Electric vehicles still significantly costlier to make vs cars with internal combustion engine – Mercedes-Benz – paultan.org

Battery-electric vehicles have a significant initial cost penalty over an internal combustion car, and that is not going to change anytime soon. In fact, Mercedes-Benz chief technology officer, Markus Schäfer told Road and Track that EVs won’t get any cheaper in the near term, not realistically.

This has a lot to do with battery prices, which of late has been hit with a cost spike due to the ongoing Russia-Ukraine conflict. “Coming to US$50 (RM210) per kilowatt, which would lead to comparable cost basis to an internal combustion engine, I would say this is far out there. I don’t see that with the [battery] chemistry that we have today,” Schäfer said, adding that achieving “price parity” just isn’t possible with any current commercially available battery technology.

The push for affordable, high-density solid-state batteries is also years away from production, because having to mass produce them and making sure they meet intense durability requirements is a significantly time-consuming process.

The Tesla Model 3, once pitted as an affordable US$35k EV for the masses, now starts at US$48k

While the uptick in demand for EVs has helped battery manufacturers with economies of scale, it is also this scale that poses a challenge, R&T reports.
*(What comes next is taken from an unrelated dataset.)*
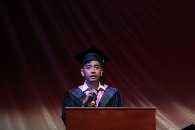 留學(xué)生畢業(yè)生代表黃明方同學(xué)發(fā)言回顧在合院的四年留學(xué)時光,表示中國和柬埔寨是鐵桿朋友和命運共同體,兩國人民永遠手拉手、心連心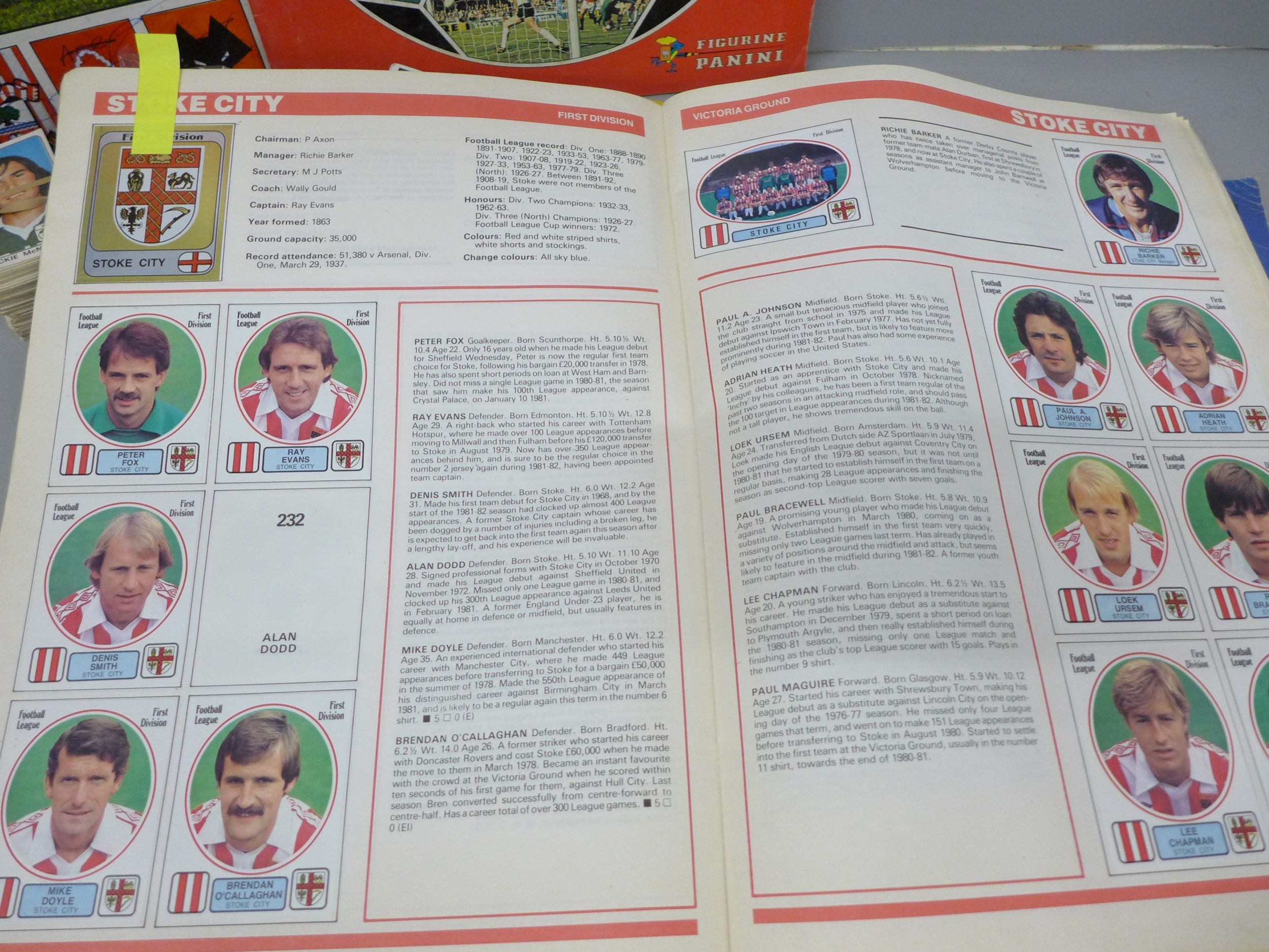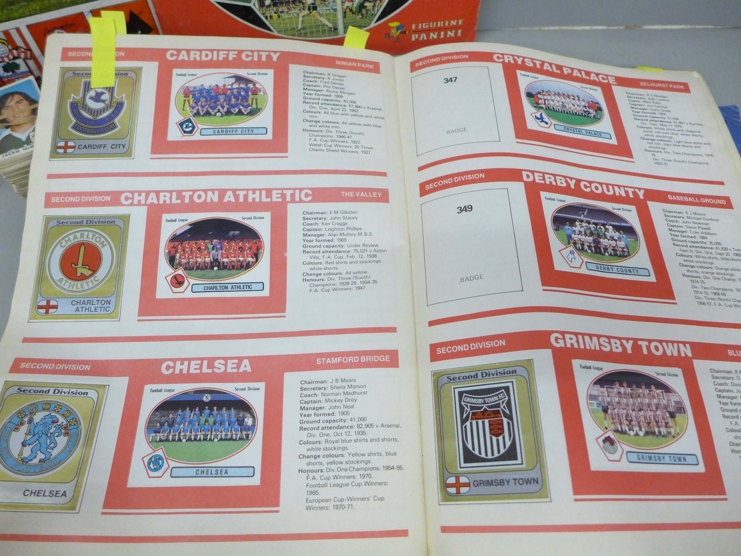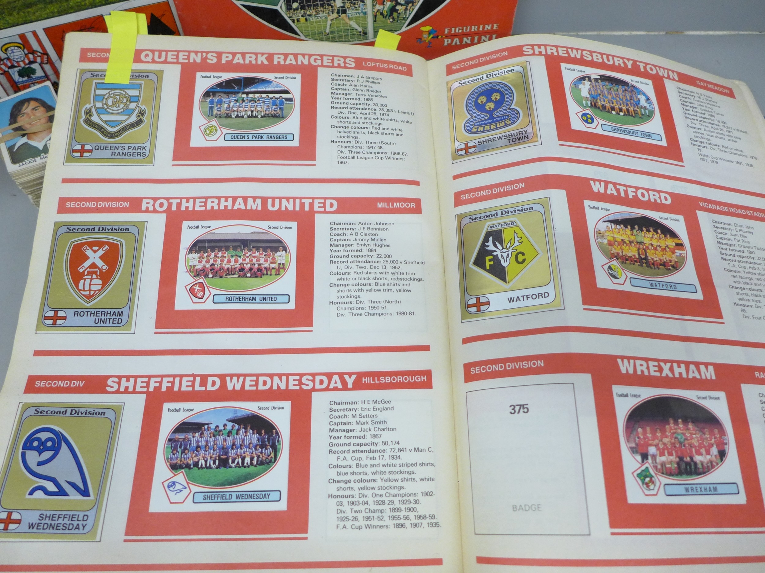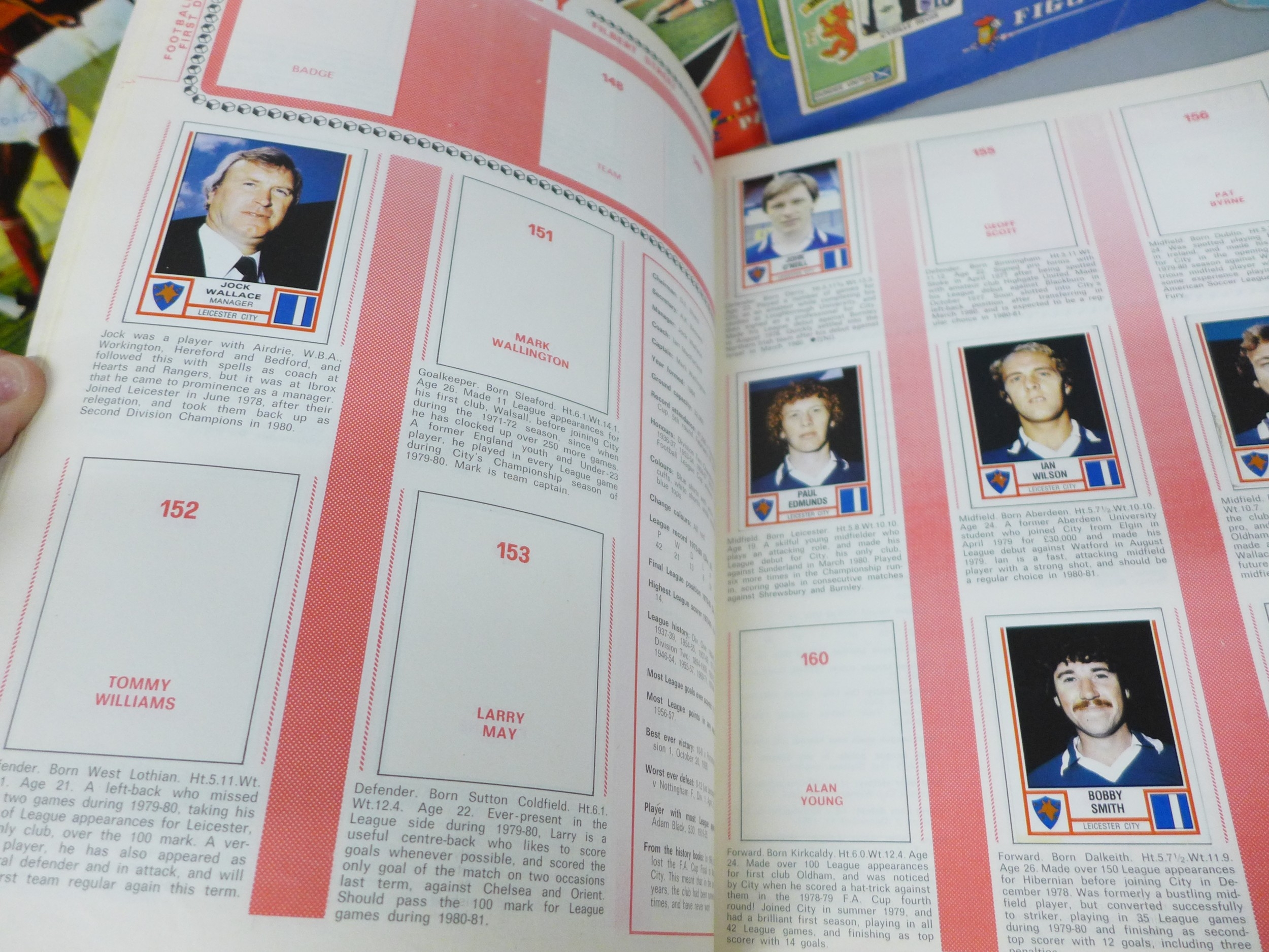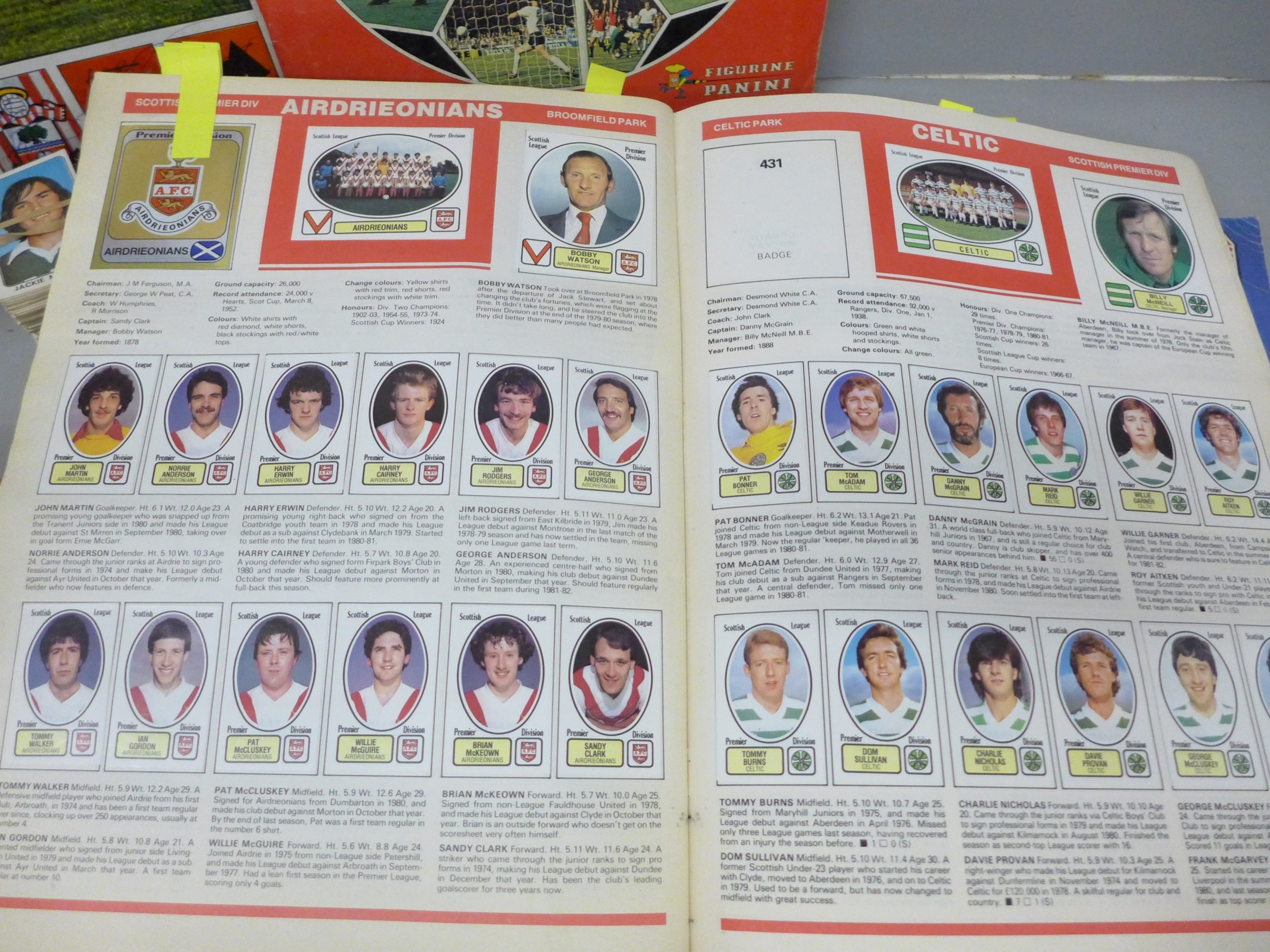 English football collectors sticker albums and stickers, Panini Football 1978, 1979, 1981 and 1982 each with some unused stickers, also a Soccer 81 album

Thanks to the popularity of EVs and continued growth in consumer electronics, the demand for lithium batteries is on track to far outstrip the capacity of current rare-earth metal mines.

The earth has more lithium deposits, but setting up mining operations is complicated and expensive. Analysts are also predicting that the ongoing lithium shortage won’t be solved by the middle of the decade.

“So the anticipated decrease well below US$100 (RM420) per kilowatt, that might take longer,” Schäfer said. “The chemistry, honestly, if we’re staying with the ingredients we have today… there’s not that breakthrough foreseeable.”